I tre più importanti operatori di telefonia mobile francese sotto indagine; i comitati dei consumatori ipotizzano un cartello

Parigi (Francia) - "Le Canard Enchainé", quotidiano francese di satira, è salito agli onori della cronaca per aver svelato l'ultimo rapporto della "Direzione generale della concorrenza e della repressione frodi", che starebbe analizzando le politiche tariffarie degli operatori mobili Bouygues, Orange e Sfr - in pratica i più importanti. Secondo le indiscrezioni le tre compagnie per anni avrebbero tenuto riunioni segrete per decidere le sorti del mercato, valutando tariffe e politiche commerciali.
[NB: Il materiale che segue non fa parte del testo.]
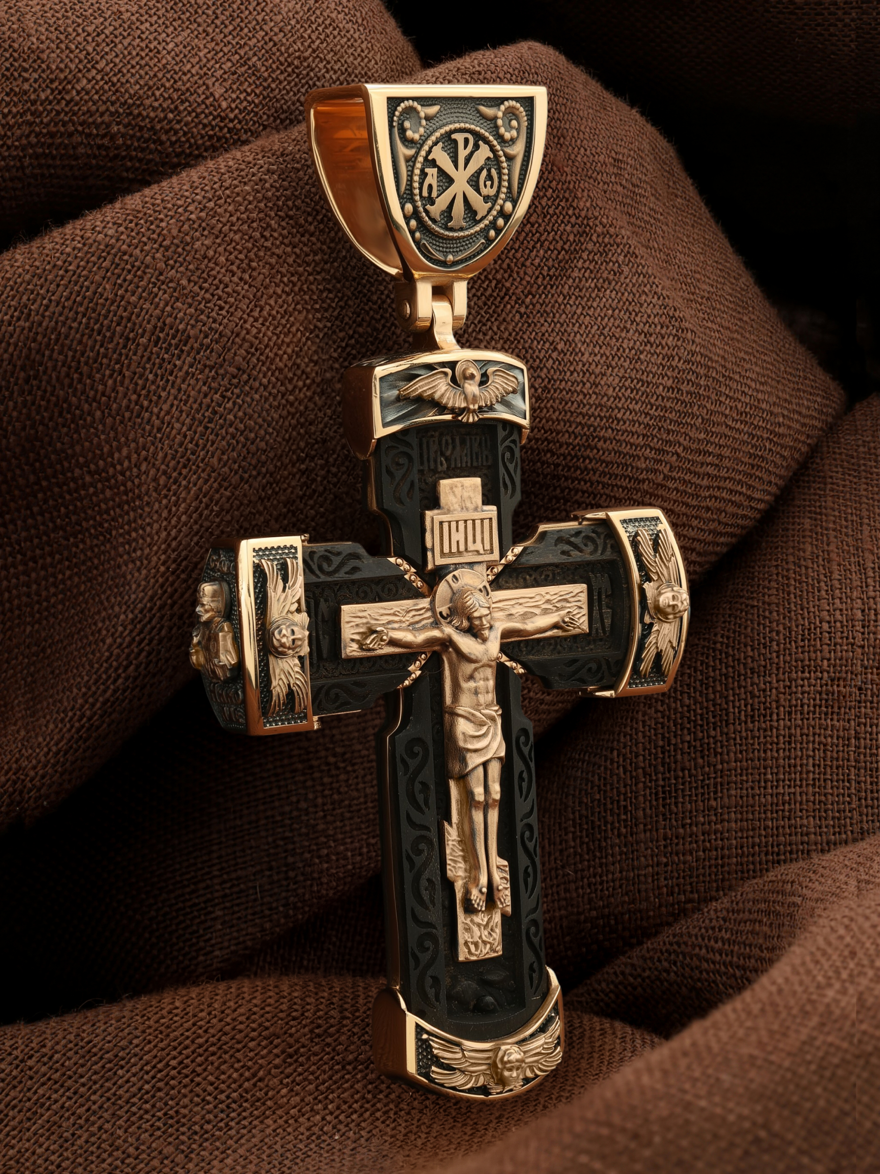 Крест из золота c эбеновым деревом

Incontri interrotti nel 2003 dopo una piccola perquisizione guidata dalla Direzione della concorrenza.

"E' sotto gli occhi di tutti che i profitti delle tre compagnie sono da record e che la guerra dei prezzi è da tempo finita" ha dichiarato la direttrice di una rivista per i consumatori.

Potrebbe essere solo un piccolo incidente di percorso, se non fosse che almeno una di queste compagnie, ovvero Orange, rappresenta da sola il 47,3% del comparto, ed è tuttora una costola di France Telecom, condannata nel 2004 a pagare 38 milioni di euro per numerose infrazioni.
D.d.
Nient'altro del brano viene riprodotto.